El Ajedrez como Herramienta Estratégica para el Abogado Litigante

EL ESPACIO EN EL AJEDREZ
23 de agosto, 2020
A PROPÓSITO DEL OBJETIVO Y ALCANCE DE UN LIBRO
31 de agosto, 2020

Dr. Cirilo Bustamante (1)

Es frecuente ilustrar con piezas de ajedrez las tapas de los libros o los afiches de las actividades que tienen que ver con el pensamiento estratégico, especialmente en el mundo de los negocios. También se hace jugar al ajedrez a ciertos personajes de la ficción, como en el cine, para denotar que poseen una afilada inteligencia o la habilidad de adelantarse a los movimientos de sus rivales.
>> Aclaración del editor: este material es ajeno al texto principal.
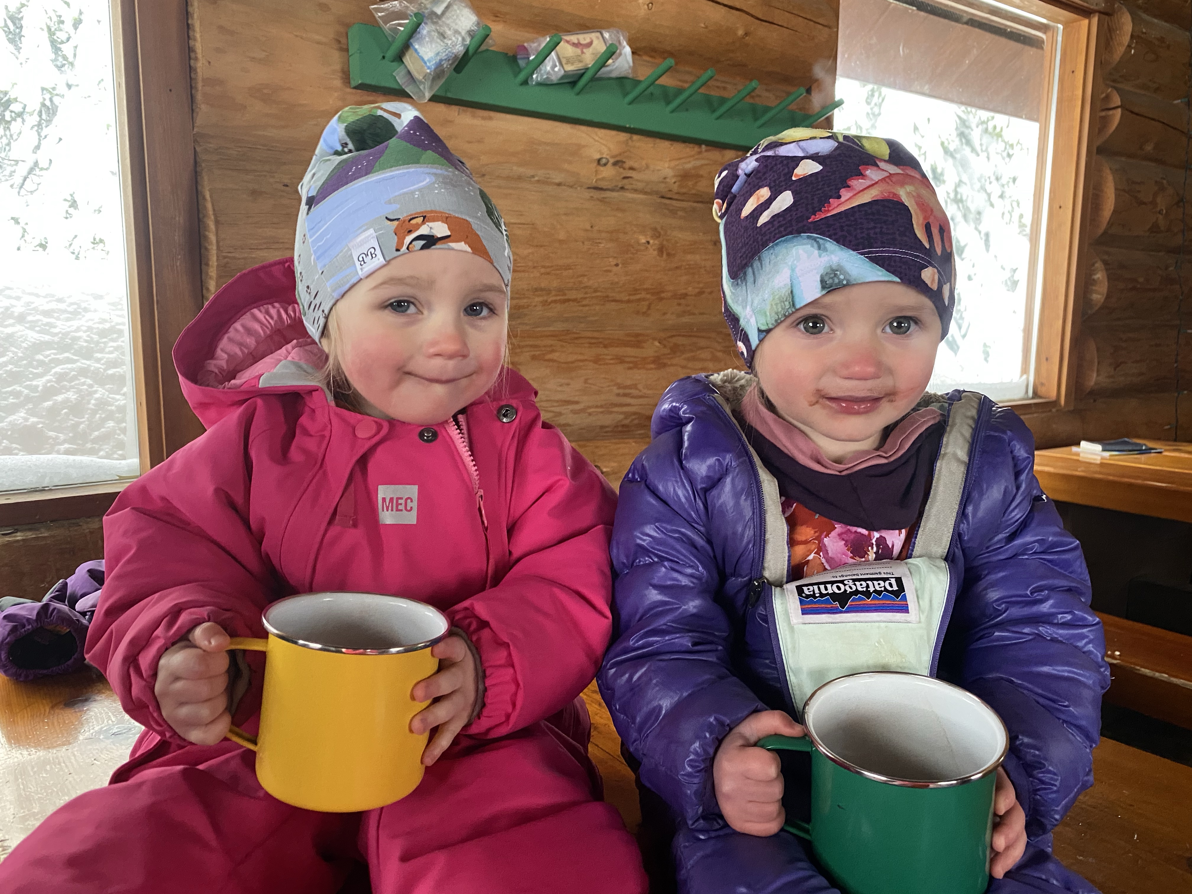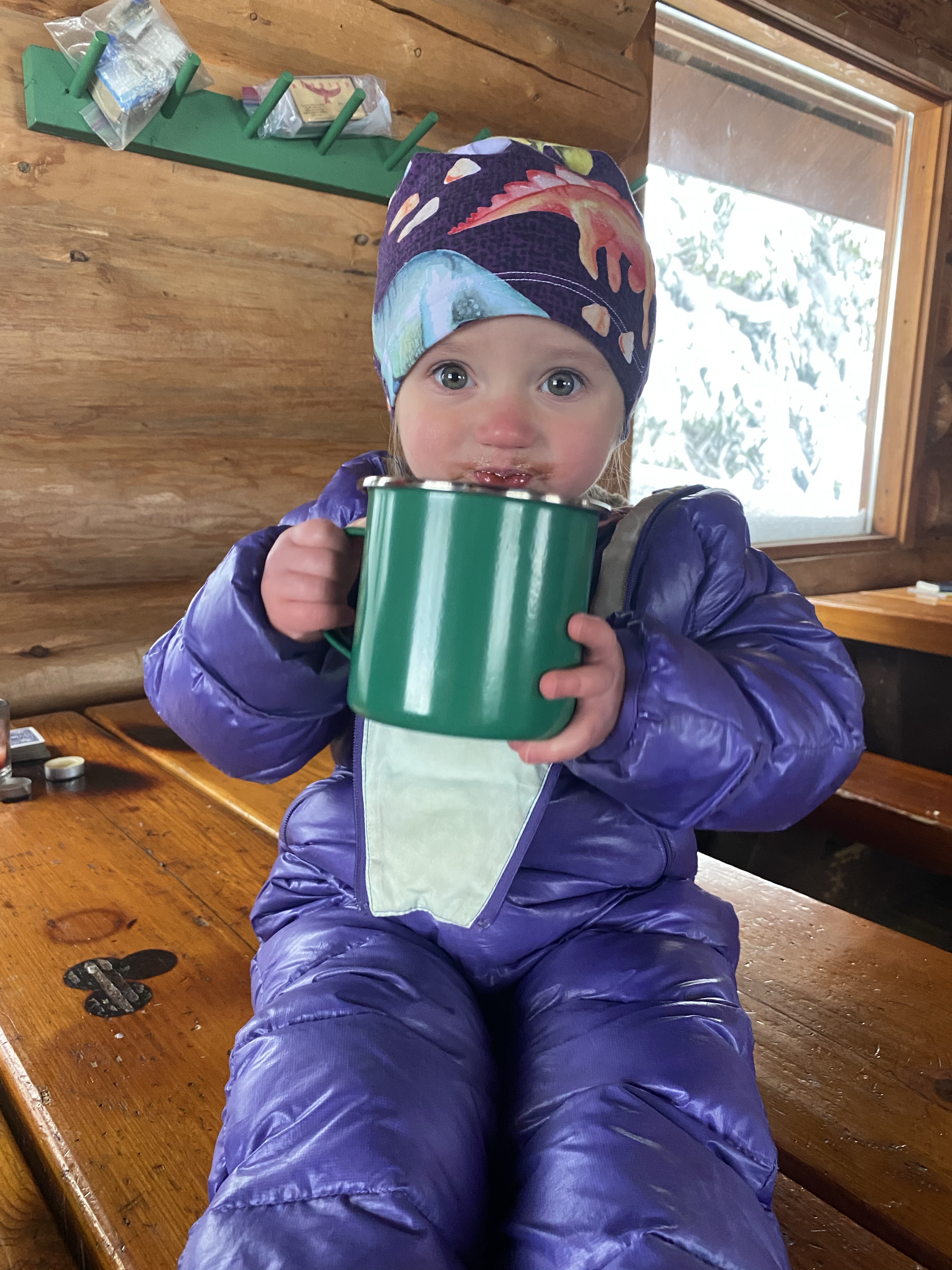After a little over an hour on the tracks we arrived at the cabin. By now the melting snow on all our faces was very chilling and the girls were starting to complain about cold feet and fingers. With the girls off loaded we served up some hot chocolate that we brought along and had some snacks as well. There is a wood burning stove within the building but as no one had started fire yet the air was still chilling. A fire was an option but with intentions of only being there for one mug of cocoa the building would not have increased in temperatures much if we had.

En la película «Asesinos» (1995), Robert Rath (Stallone) intercambia disparos, pero también jugadas de ajedrez a través de su computadora con Miguel Bain (Banderas), la metáfora está clara: el vencedor no será el más hábil con las armas, sino quien logre anticipar cuál es el plan del rival.

Lo cierto es que, como muchas otras cosas que transcurren en la ficción, esa metáfora posee un sustrato de verdad –lo que la hace verosímil– y otra porción de fantasía o exageración. Que sea el ajedrez un deporte mental útil para aprender a pensar estratégicamente, e incluso que a temprana edad reporte beneficios en el aprendizaje de materias como las matemáticas, es algo que cuenta con sustento empírico2. Que el juego también pueda utilizarse en una edad adulta, para traspolar sus principios estratégicos y tácticos a otros terrenos de competencia –como el managment o el litigio judicial–, no se ha investigado en la misma medida34, aunque sea un campo de gran riqueza para desarrollar, como nos ha ilustrado el autor y Maestro Internacional Cyrus Lakdawala5.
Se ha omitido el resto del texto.